Power::infy: "Infinite expression 1/0. encountered.

Now I am assuming out that the problem is the fact that the coefficient in the ODE in front of the second derivative vanishes at $x=0$. Therefore I tried using a slightly different initial condition. The input I used is:

eps =10^-10
Sol = NDSolve[{DE == 0, y[0] == -eps, y'[0] == -4}, y, {x, 0, 10}];
Plot[{y[x] /. Sol, ysol[x]}, {x, 0, 1}]

Here $ysol$ is the known solution I gave above. The output is


hence Mathematica does not give the solution I already know.


  • Is the solution Mathematica is giving me correct because of the slightly different initial conditions?

  • How can I make Mathematica give the solution I already know? I.e. what should I change in my input?

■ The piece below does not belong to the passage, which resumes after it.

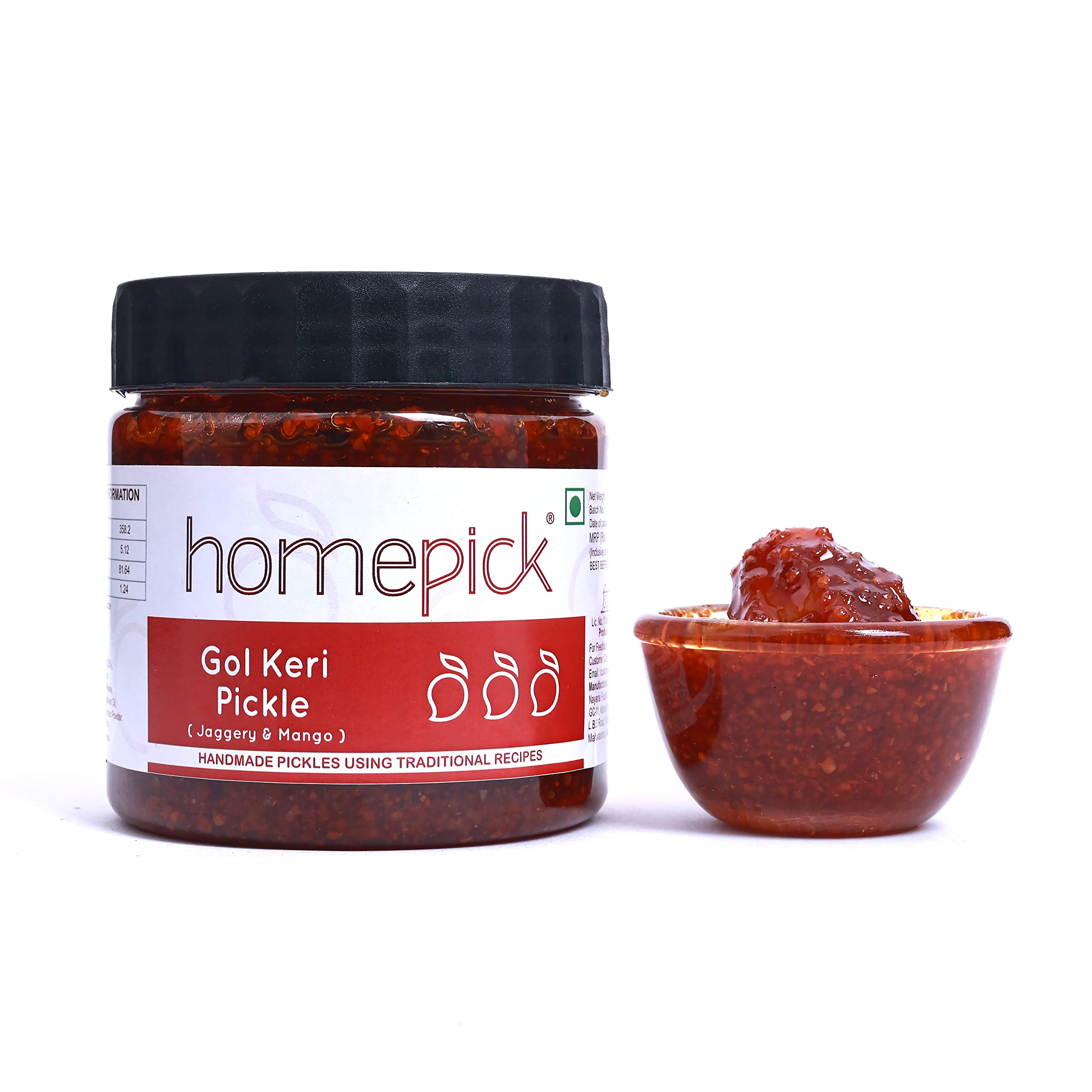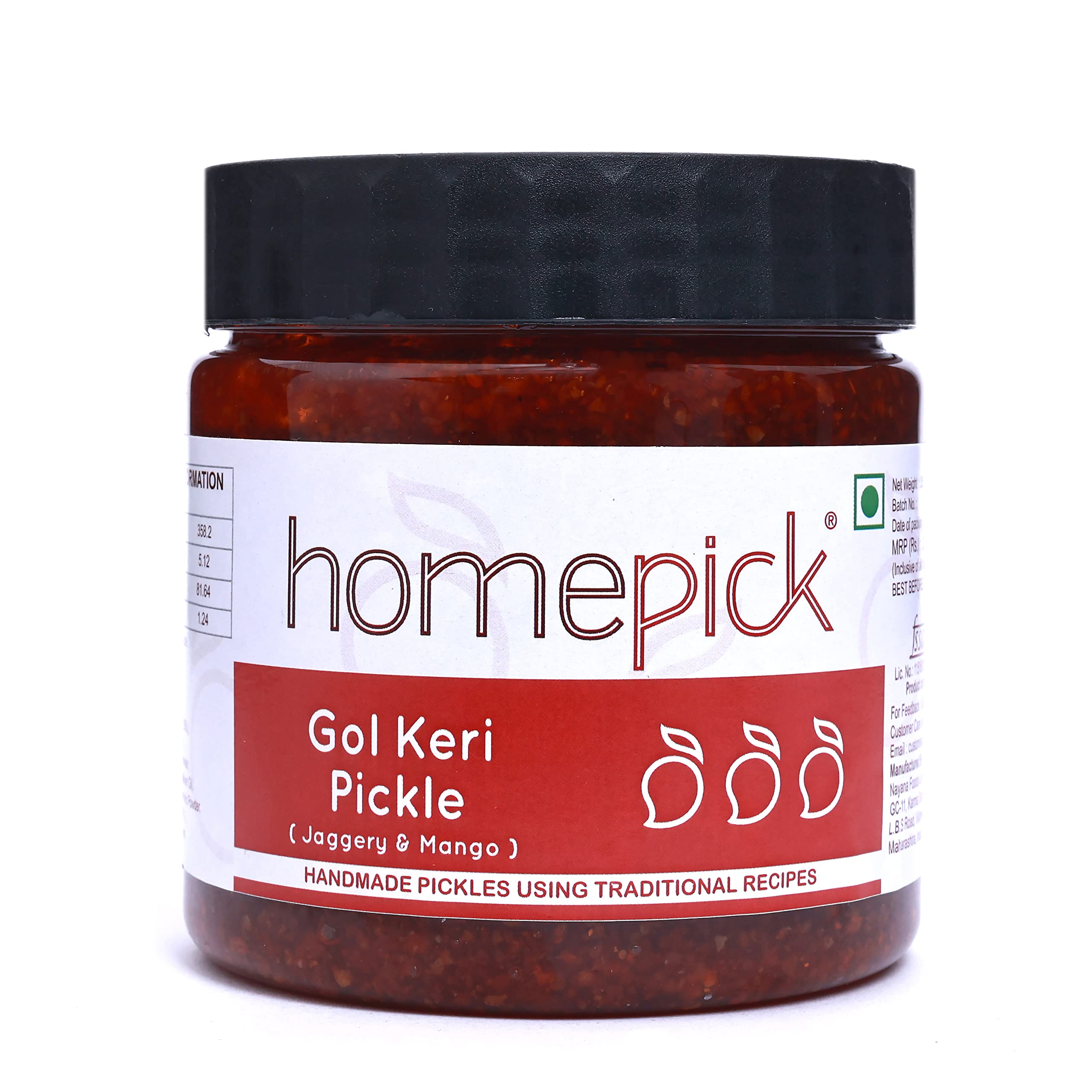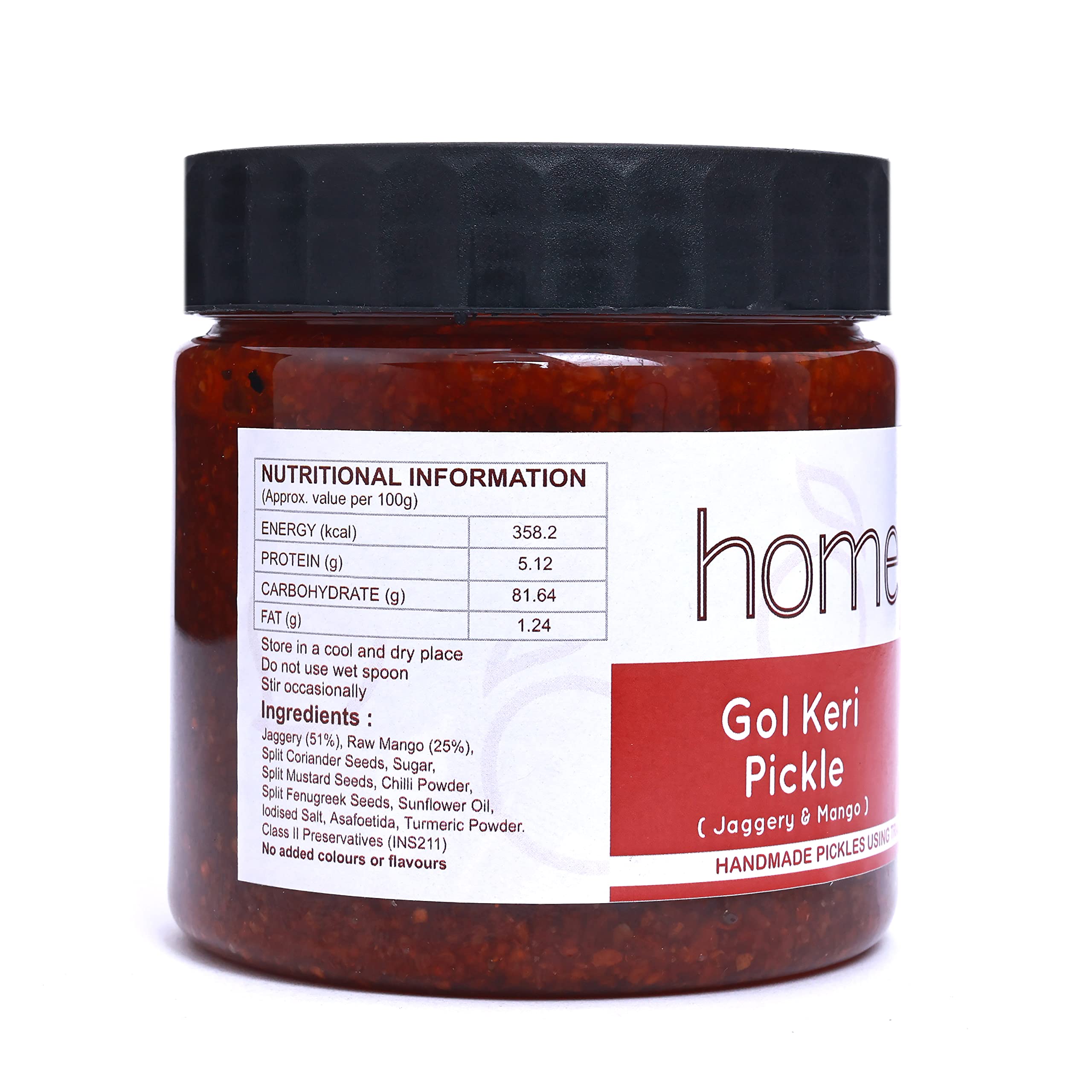 Sweet and medium spicy Gujarati style mango pickle. This pickle is a speciality from Gujarat and is made using premium quality Spices Jaggery and Raw Mangoes. All our pickles are handmade using the most pure and premium quality ingredients be it mangoes, lemons, chillis, oil or spices. We make over thirty different varieties of pickles which range from the conventional to the most unique varieties of pickles consisting of sweet to sour to spicy to tangy recipes catering to each and every palate. Our variants include several regional specialties of India like the Gujarati Chhundo and Gol Keri, Rajasthani Ker Sangri, Andhras Avakkai Mango, Maharashtrian Thecha, Kolkatta Pickle and many others.

  • It seems Mathematica cannot solve the ODE with the initial conditions that I know. Is this an error caused by the numerical solution method, or does this mean that the ODE actually does not have a unique solution?

  • 1
    $\begingroup$ do not have time now, but quick comment: you have non-linear ode. A non-linear ode can admit a singular solution (which can't be obtained from the general solution by giving the constants of integration specific values). Another solution is y=-2. Another is y=(-4*((x^4-2*x^2+1)/(x^4+8*x^3+18*x^2+8*x+1))^(1/2)*x^4-20*((x^4-2*x^2+1)/(x^4+8*x^3+18*x^2+8*x+1))^(1/2)*x^3-4*x^4-24*((x^4-2*x^2+1)/(x^4+8*x^3+18*x^2+8*x+1))^(1/2)*x^2-16*x^3-20*((x^4-2*x^2+1)/(x^4+8*x^3+18*x^2+8*x+1))^(1/2)*x-32*x^2-4*((x^4-2*x^2+1)/(x^4+8*x^3+18*x^2+8*x+1))^(1/2)-16*x-4)/(3*x^4+8*x^3+14*x^2+8*x+3) as well as the.. $\endgroup$
    – Nasser
    Commented Sep 23, 2014 at 8:54
  • $\begingroup$ ... the one you showed y=-4*x/(1+3*x). The point is, these are singular solutions. There is a singularity in your ode, which is why NDSolve gives a 1/0 error. So, there is nothing wrong with NDSolve. Notice that DSolve did not solve this. $\endgroup$
    – Nasser
    Commented Sep 23, 2014 at 8:55
  • $\begingroup$ Thanks, that does clear things up a bit. With the singularity in the ODE, do you mean the fact that at $0$ we have that the ODE becomes $0*y''=0$? Can I conclude that for every value $y''(0)$ there is a different solution? If so, can Mathematica find these? $\endgroup$ Commented Sep 23, 2014 at 9:56
  • $\begingroup$ @Nasser I'm also curious how you found your second solution $\endgroup$ Commented Sep 23, 2014 at 16:12

2 Answers 2


The DE has problems at y[x] == 0 as noted, but also at x == 1, where there is a pole of order 2. This suggests that numerical issues near the singularities could cause substantial error to accumulate. One can use Piecewise to substitute the limiting value at a discontinuity, but this won't cure any numerical instability in the neighborhood of the discontinuity.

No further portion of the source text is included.